Last year, the government began looking to regulate the industry. An Assisted Reproductive Technology Bill is up for discussion in the next parliamentary session, causing renewed interest in the ethical issues. “Surrogacy—Exploiting the Poor?” was one theme of a very popular, Oprah Winfrey-esque talk show on India’s NDTV channel. One academic, professor Mohan Rao, who teaches at the prestigious Jawaharlal Nehru University, said that the country was witnessing “reproductive trafficking,” referring to the fact that most cash-strapped surrogate mothers are from rural India and travel to metropolitan centers to offer their services as a last-ditch effort to get money. This view is fiercely challenged by those who see surrogacy as a means to economic empowerment of women and as a decision women should be free to make for themselves.

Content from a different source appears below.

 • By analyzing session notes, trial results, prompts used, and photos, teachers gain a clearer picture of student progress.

But the usual empowerment vs. exploitation debate eludes something much more fundamental that the surrogate industry reflects about India. India has leap-frogged several stages of development and zoomed straight into a service economy. Indians stock call centers and tech help lines where Westerners can get their questions answered efficiently. In these centers, Indian youths temporarily adopt new personal identities by using Western names and accents—another, milder way that Indians act as “surrogates,” or substitutes for Westerners. The country is romanced by the idea of selling human capital as its next great commodity. So surrogacy resonates not as an old problem of exploiting the poor but as an inevitable part of the “new India,” where the locals provide much needed services for the new global economy. This kind of forward-thinking economic liberation dovetails with an ideology of personal freedom. “I think women should be free to choose what they do with their bodies,” says Dr. Aniruddha Malpani, a fertility specialist in Mumbai. “We shouldn’t treat them as stupid just because they are poor.”

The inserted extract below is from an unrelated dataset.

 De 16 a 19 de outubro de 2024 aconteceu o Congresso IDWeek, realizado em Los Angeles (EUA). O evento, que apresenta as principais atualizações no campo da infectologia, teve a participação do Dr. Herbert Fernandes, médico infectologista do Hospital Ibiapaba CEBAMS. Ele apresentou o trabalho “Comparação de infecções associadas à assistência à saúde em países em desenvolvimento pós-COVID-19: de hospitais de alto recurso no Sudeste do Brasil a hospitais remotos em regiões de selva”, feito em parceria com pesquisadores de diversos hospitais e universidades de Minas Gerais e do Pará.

This appeal to modern ideals of self-determination make sense to members of the “new India” like Dr. Malpani and his clients. The problem is that the surrogates are not members of this India. Alan Greenspan writes that “India is fast becoming two entities: a rising kernel of world-class modernity within a historic culture that has been for the most part stagnating for generations.” The surrogates tend to hail from this “historic culture,” which is essentially semi-feudal and pre-industrial. It is this gap that allows for exploitation in surrogacy and other industries to happen, and it is the gap—not surrogacy itself—that is the root of the problem.

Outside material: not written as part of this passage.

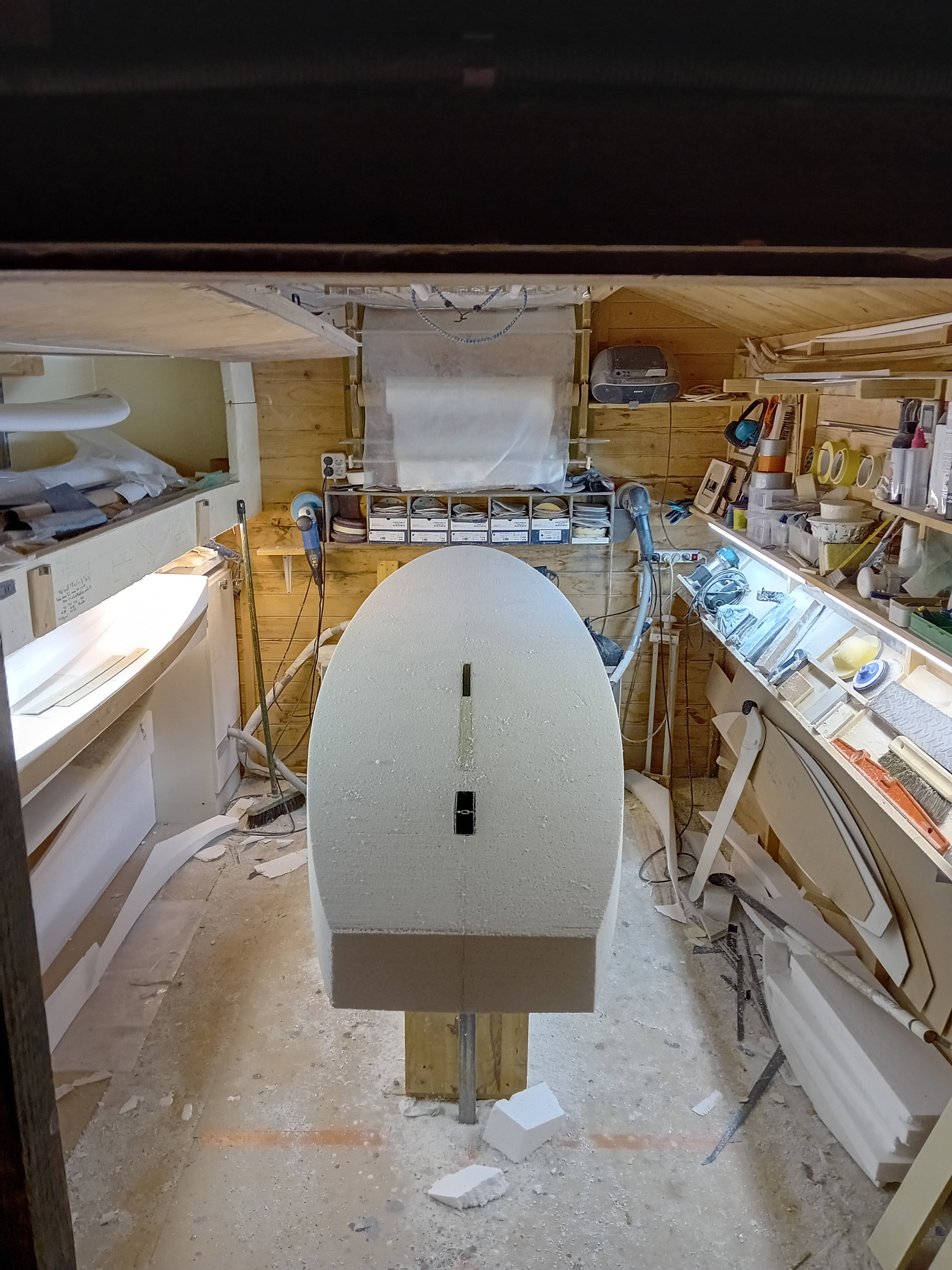 33 years garage shaping around 250 boards always all in one small room last one is 4m long, 3m wide with an oven. Bigger board was a windsurf hybrid raceboard. More important for me is ventilation. I suck through a filter near floor one side and push air in from roof opposit. Photo from the door, board is 290x72cm

To exercise one’s freedom meaningfully requires information and education, and many surrogates are deeply ignorant about what the procedure entails. It is not uncommon for surrogates to authorize contracts with a thumbprint as opposed to a signature because they are illiterate. Even those who are literate often aren’t able to read the contracts, which tend to be written in English. Lack of technological understanding among rural Indians also breeds misconceptions about surrogacy. Many, for example, thought that it would be necessary to sleep with another man in order to conceive. Even the pricing structure of surrogacy perpetuates social inequality: Many religious Indian surrogacy clients would prefer for their child to be birthed by an upper-caste brahmin, so high-born surrogates can get paid up to double.

These problems are hardly going to stop the phenomena of surrogacy in India from spreading, though. In fact, one might even suggest that India is moving towards a surrogacy-based economy, in which Indians—in call centers and fertility clinics alike—specialize in substituting Westerners in a cheaper, more efficient way.